Mary, Jesus, Goldfinches, and Guns
In late medieval Europe, portraits of Mary and Jesus were often graced by a tiny, winged visitor: a European goldfinch.
Why? Art historians say that because this particular bird is often found eating thistle seeds and gathering thistle down, the goldfinch's appearance in these paintings is a reference to the crown of thorns (or the crown of thistles) that was placed on Jesus’ head during his Passion. According to legend, when Jesus was carrying his cross up Calvary, a goldfinch fluttered above his head and mercifully plucked a thistle from his brow. In doing so, the bird's face was stained red with a drop of Jesus’ blood – and that flash of red, surrounded by those wings of gold, can still be seen today.
I wonder, however, if those artists who added goldfinches to their paintings also knew that the birds’ nests are entirely female-built – or that they build them within only a week's time, taking after “Our Mother who art in Heaven.” For seven days they weave together tiny palaces of moss, lichen, and thistle down, and then miraculously bind them all to tree branches using spider silk. What's more, they engineer each nest to be deep enough to prevent the loss of their eggs, and later to grow baby birds in even the most windy, stormy weather.

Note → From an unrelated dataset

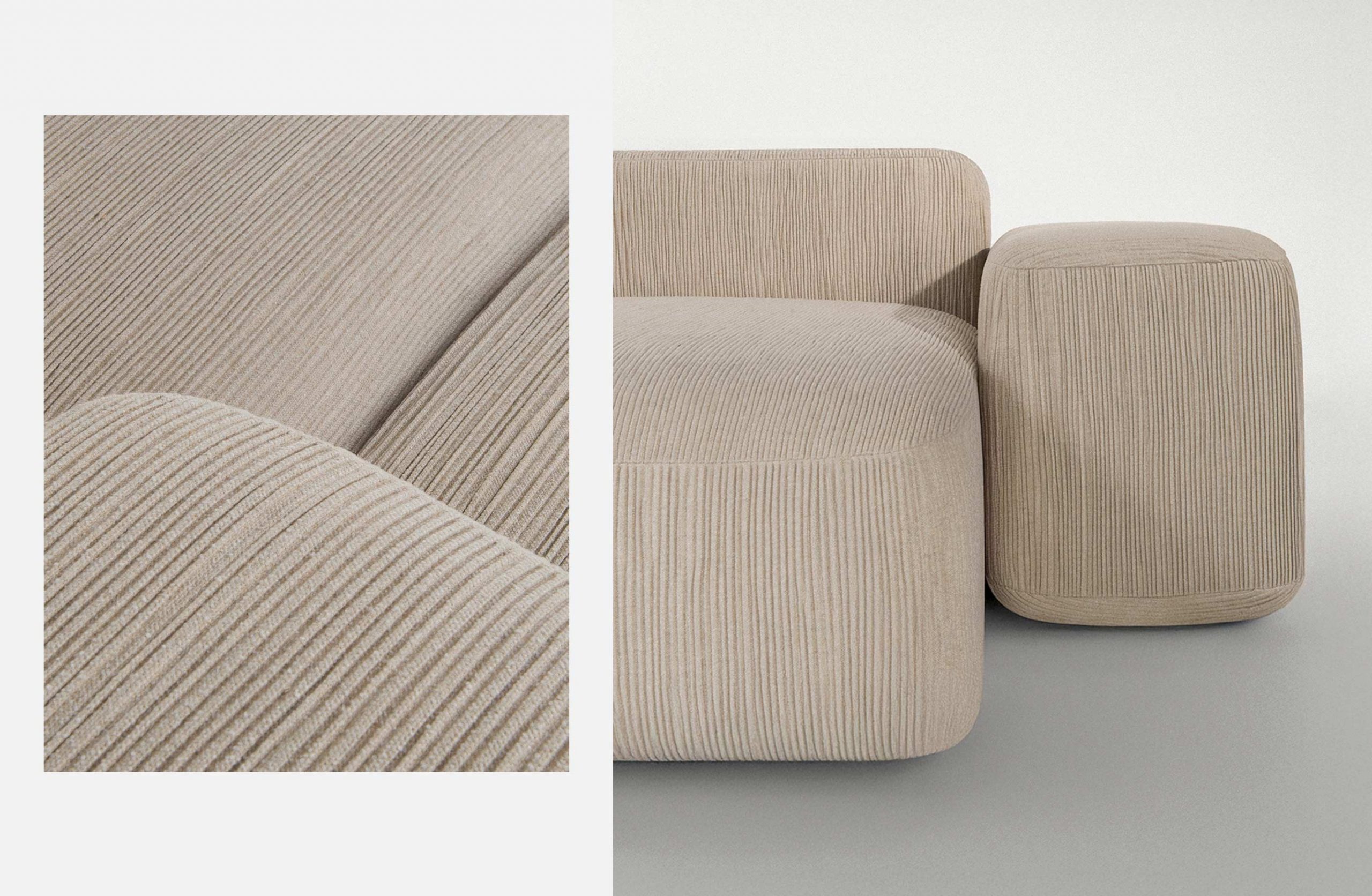 Encontre uma loja mais próximaThe Bold sofa proposes a new way of inhabiting space through modular intelligence. With generous volumes and gently rounded corners, its robust yet friendly aesthetic invites comfort and versatility. The composition is made up of seat, backrest and arm modules that transform according to use – the arm can function as a puff, the backrest as a side support, and the wide seats make room for extra cushions, creating a more relaxed and welcoming experience. Bold’s modular system allows for linear, angular or deconstructed compositions, adapting to different contexts – from residential living rooms to corporate environments and waiting areas. The multiple color and fabric options, combined with the variety of shapes, give each configuration a unique personality. Its fitting system is extremely simple, allowing for quick and intuitive reorganizations according to the needs of the space. More than a sofa, Bold is a meeting place. A multifunctional island where socializing and relaxing come naturally.
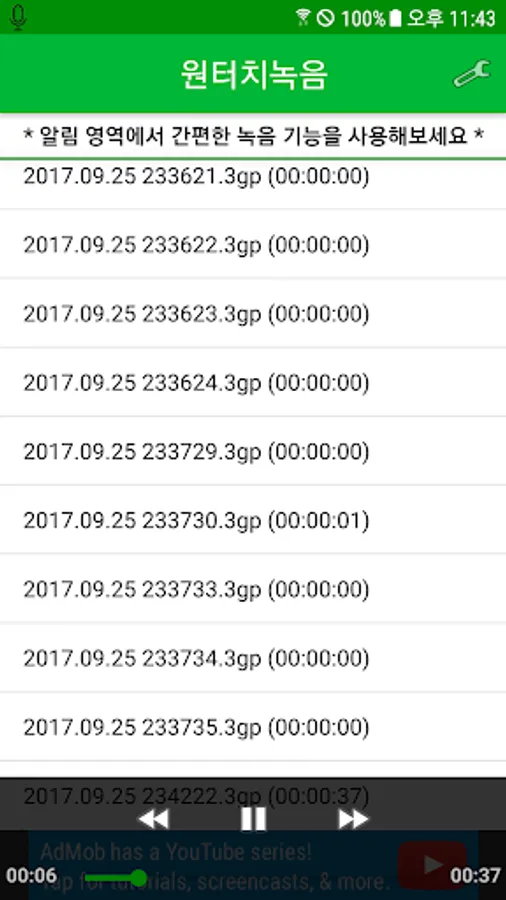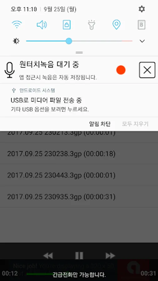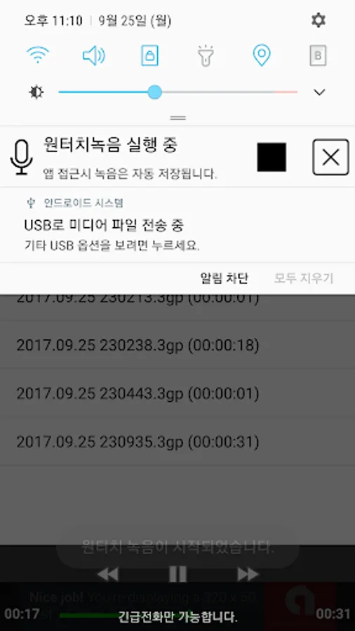 You can start/stop recording with one touch in the notification area at the top of One-Touch Recording.

Every time I see a goldfinch with Jesus and Mary, my mind wanders to such things. I imagine the painter saying, "Look, see how Mary made such a good nest for her little boy. He felt so loved and so safe in that palace of moss and lichen, that nest of tenderness and care, that he could grow into the courage he’d need to face a world full of thorns. And there he learned, too, that sometimes the most apparently fragile things – a spider’s silken thread, or a ray of hope on a difficult day – are often the very things that bond us together most strongly, that help us endure, that hold us fast when the storms come along."
And if Jesus learned these things from Mary, we can learn from both of them – and from the beautiful, unassuming, compassionate golden bird that can lift our spirits whenever we see it. She darts and weaves. She builds strong palaces out of fragile things. And she’s unafraid to come close enough to pluck away a painful thistle, close enough to be baptized with a single drop of blood.
It’s been almost two weeks since the school shooting in Parkland, Florida, and everyone in the media keeps saying, "This one feels different." As they so often have in American history, young people are taking the lead: they've been close enough to violence and death to be touched by drops of blood, and they are bold enough to insist on the strength of spider silk, the bonds of hope that draw us together and keep us safe. Now's the time when the media cycle begins to move on - and so now's the time for the rest of us to step up and follow these teenaged goldfinches in their courage, their conviction, and their vision that this school shooting will be the last one in our lifetimes.
Oh, to live with even a touch of that brave goldfinch beauty. To fly close to the heart of life, flashing gold and red in the late evening sun.
Thanks be to God for such a strong, loving, soaring, winged witness of goodness and grace!